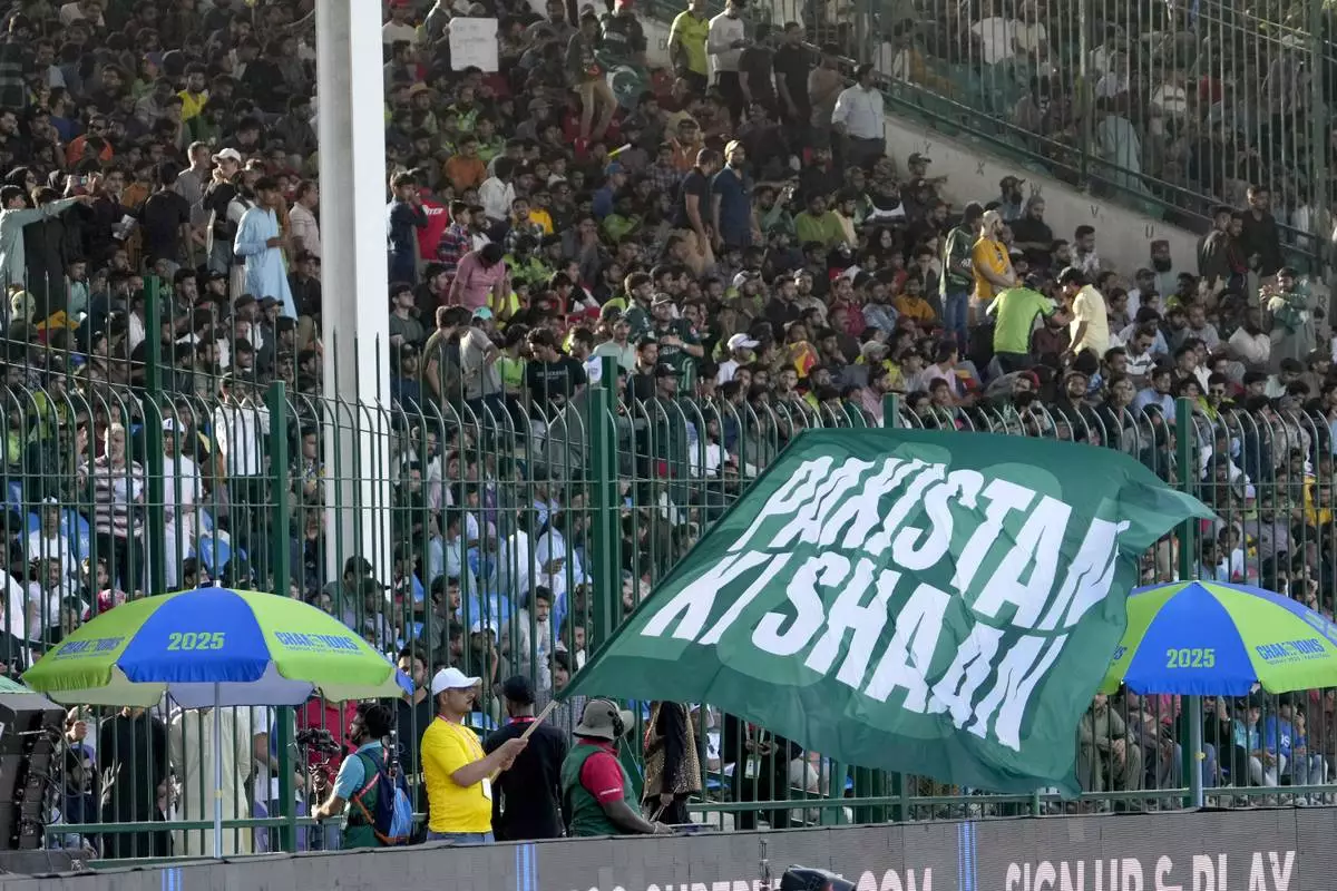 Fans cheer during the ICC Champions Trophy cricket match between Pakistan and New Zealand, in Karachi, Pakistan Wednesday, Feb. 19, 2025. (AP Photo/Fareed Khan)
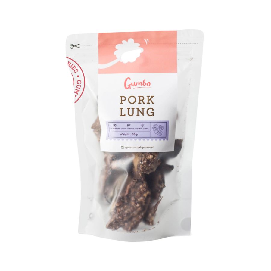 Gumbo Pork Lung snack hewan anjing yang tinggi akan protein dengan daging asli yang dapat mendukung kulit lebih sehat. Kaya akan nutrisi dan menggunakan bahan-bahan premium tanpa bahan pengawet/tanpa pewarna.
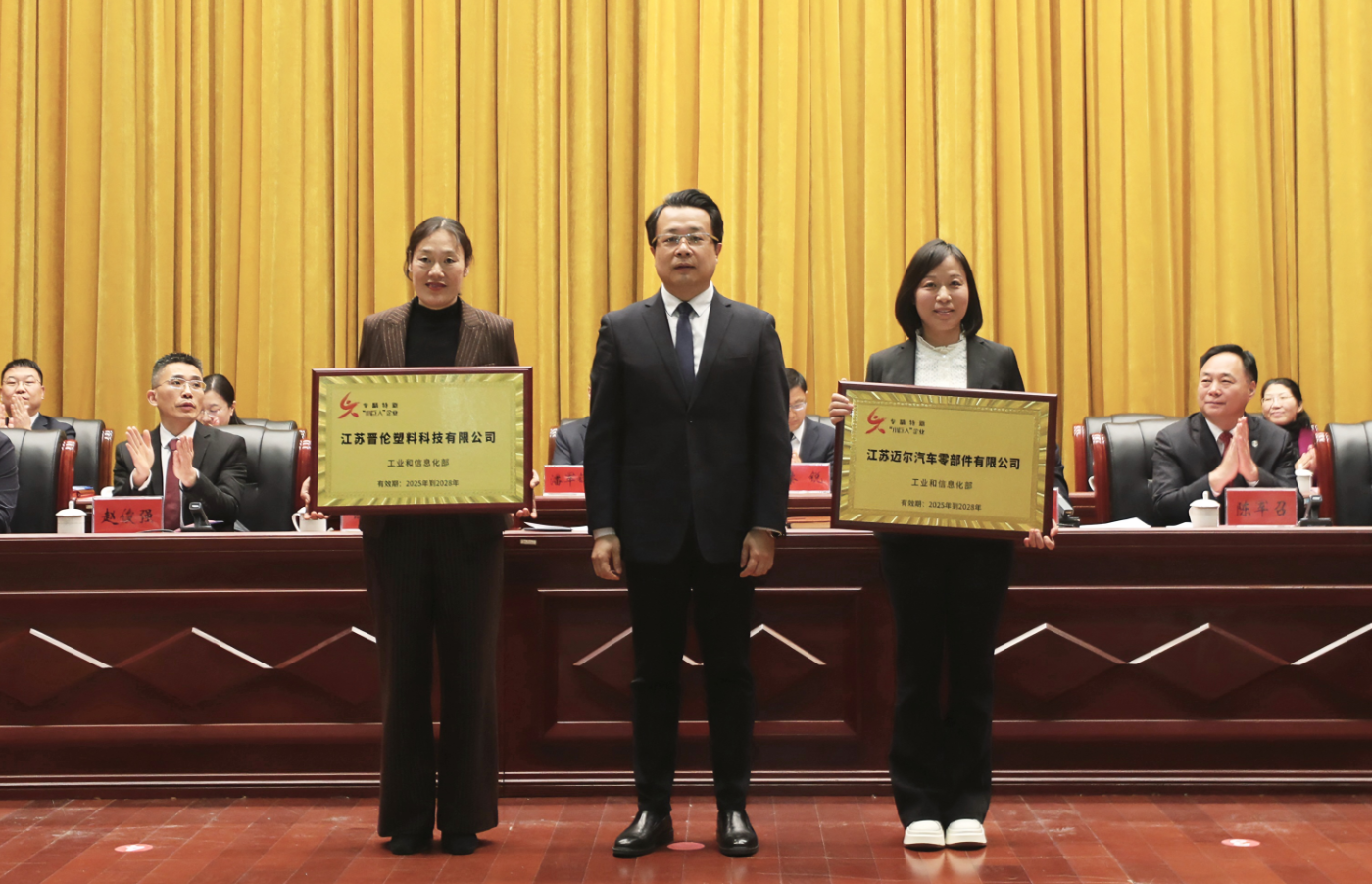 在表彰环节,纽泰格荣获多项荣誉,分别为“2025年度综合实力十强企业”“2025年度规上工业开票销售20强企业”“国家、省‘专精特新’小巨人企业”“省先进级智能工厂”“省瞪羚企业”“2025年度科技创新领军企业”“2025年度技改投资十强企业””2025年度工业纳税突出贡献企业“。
..........
*EXERCISE REQUIREMENTS:* Transcribe the listing exactly; skip the pictures.

*TASK RESPONSE:*
 Fans cheer during the ICC Champions Trophy cricket match between Pakistan and New Zealand, in Karachi, Pakistan Wednesday, Feb. 19, 2025. (AP Photo/Fareed Khan)
 Gumbo Pork Lung snack hewan anjing yang tinggi akan protein dengan daging asli yang dapat mendukung kulit lebih sehat. Kaya akan nutrisi dan menggunakan bahan-bahan premium tanpa bahan pengawet/tanpa pewarna.
 在表彰环节,纽泰格荣获多项荣誉,分别为“2025年度综合实力十强企业”“2025年度规上工业开票销售20强企业”“国家、省‘专精特新’小巨人企业”“省先进级智能工厂”“省瞪羚企业”“2025年度科技创新领军企业”“2025年度技改投资十强企业””2025年度工业纳税突出贡献企业“。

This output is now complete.